年間第八木曜日(5/30)
集会祈願
🌸 第一朗読 (一ペトロ2・2-5、9-12)
ペトロの手紙
2生まれたばかりの乳飲み子のように、混じりけのない霊の乳を慕い求めなさい。これを飲んで成長し、救われるようになるためです。 3あなたがたは、主が恵み深い方だということを味わいました。 4この主のもとに来なさい。主は、人々からは見捨てられたのですが、神にとっては選ばれた、尊い、生きた石なのです。 5あなたがた自身も生きた石として用いられ、霊的な家に造り上げられるようにしなさい。そして聖なる祭司となって神に喜ばれる霊的ないけにえを、イエス・キリストを通して献げなさい。
9しかし、あなたがたは、選ばれた民、王の系統を引く祭司、聖なる国民、神のものとなった民です。それは、あなたがたを暗闇の中から驚くべき光の中へと招き入れてくださった方の力ある業を、あなたがたが広く伝えるためなのです。 10あなたがたは、
「かつては神の民ではなかったが、
今は神の民であり、
憐れみを受けなかったが、
今は憐れみを受けている」
のです。
11愛する人たち、あなたがたに勧めます。いわば旅人であり、仮住まいの身なのですから、魂に戦いを挑む肉の欲を避けなさい。 12また、異教徒の間で立派に生活しなさい。そうすれば、彼らはあなたがたを悪人呼ばわりしてはいても、あなたがたの立派な行いをよく見て、訪れの日に神をあがめるようになります。
🌸 答唱詩編 詩編 典
アレルヤ唱 典
🌸 福音朗読 (マルコ10.46-52)
マルコによる福音
46イエスが弟子たちや大勢の群衆と一緒に、エリコを出て行こうとされたとき、ティマイの子で、バルティマイという盲人が道端に座って物乞いをしていた。 47ナザレのイエスだと聞くと、叫んで、「ダビデの子イエスよ、わたしを憐れんでください」と言い始めた。 48多くの人々が叱りつけて黙らせようとしたが、彼はますます、「ダビデの子よ、わたしを憐れんでください」と叫び続けた。 49イエスは立ち止まって、「あの男を呼んで来なさい」と言われた。人々は盲人を呼んで言った。「安心しなさい。立ちなさい。お呼びだ。」 50盲人は上着を脱ぎ捨て、躍り上がってイエスのところに来た。 51イエスは、「何をしてほしいのか」と言われた。盲人は、「先生、目が見えるようになりたいのです」と言った。 52そこで、イエスは言われた。「行きなさい。あなたの信仰があなたを救った。」盲人は、すぐ見えるようになり、なお道を進まれるイエスに従った。
奉納祈願
拝領祈願
🌸 分かち合い
イエスがエルサレムに入城され、受難を迎える前の最後の奇跡。この盲人の癒しを、いずれの共観福音書も、ここに記しているのは、よほど印象的な出来事だったのだろうか。
癒された盲人の態度、イエスのふるまいに注目したい。
盲人は、イエスのうわさを聞き、突然、叫び出す、「ダビデの子よ、わたしを憐れんでください。」道端に座って物乞いをしていた、というから、当時の盲人は、家族からも共同体からも、のけ者にされ、やむなく、路上で、人様のあわれみに頼って生きるほかなかったのだろう。視力が衰える、あるいは、まったくないという状態がどれほどみじめなものか、経験してみないとわからない。そんな苦しみを生涯担って生きてきた男を、人々は、こともあろうに、叱りつけて黙らせようとした。

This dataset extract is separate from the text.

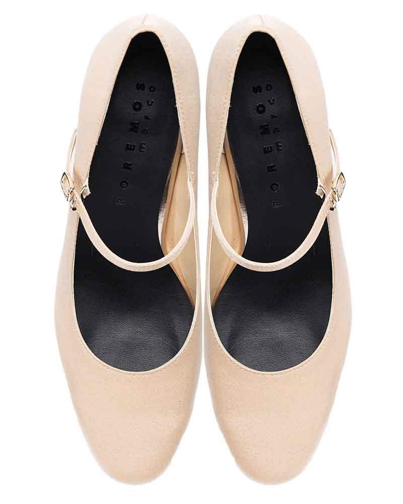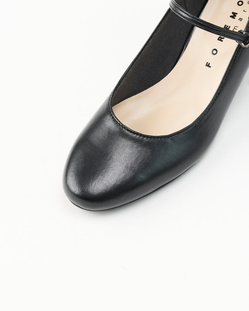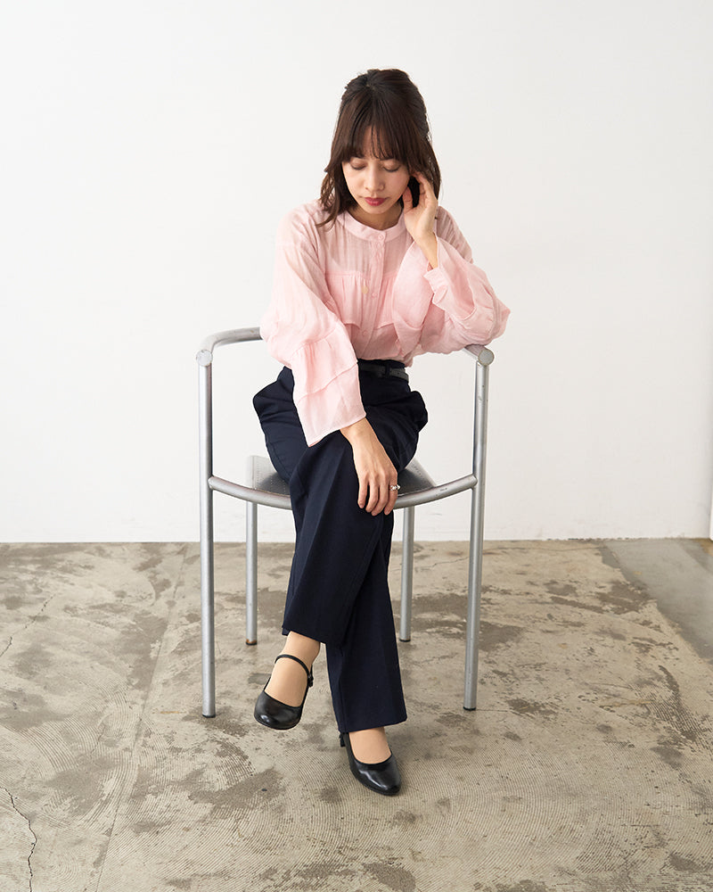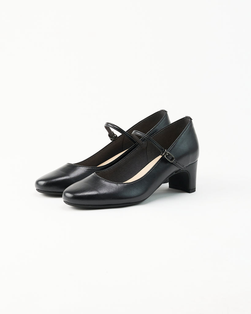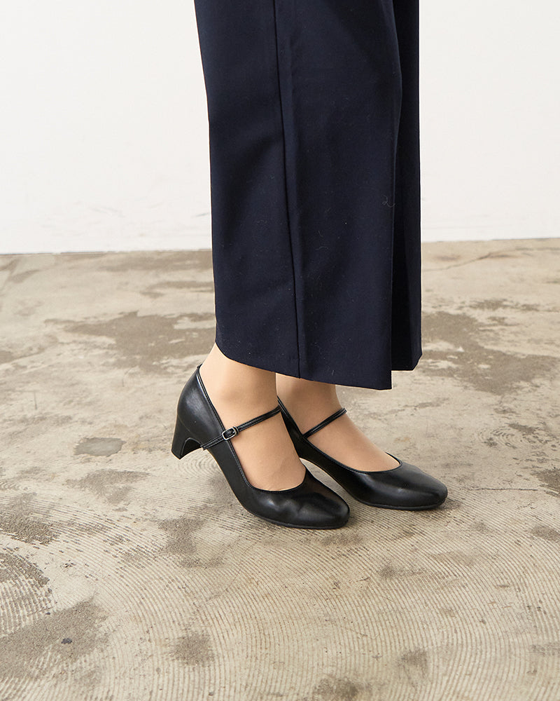 スカートスタイルに上品な印象を与えてくれるラウンドトゥ。ストラップが細めなので、子供っぽくならないのが嬉しいポイント。フォーマルなシーンは意外と立っている時間や歩くことも多いので、このアイテムなら安心です。

しかし、イエスは、人々の制止をものともせず、「あの男を呼んで来なさい」と言い、さらに、男に、「何をしてほしいか」と問う。イエスは男の願いを当然、察知しておられたがあえて聞く。それは、盲人に対する深い思いやりと尊敬の表れではないだろうか。男は言う、「目が見えるようになりたいのです」と。奇跡は、まさに、神のみのわざであるが、人間の協力=信仰、なしに実現しない。彼は、イエスの呼びかけに躍り上がったように、感謝の心から、イエスに従ったに違いない。
この出来事を福音書が記していることは、神の世界を見るためには、この男のような姿勢―ひたすら、見えるようにこい願うーをもつほかにないことを、福音史家は一様に認めているのではないだろうか。(S.T.)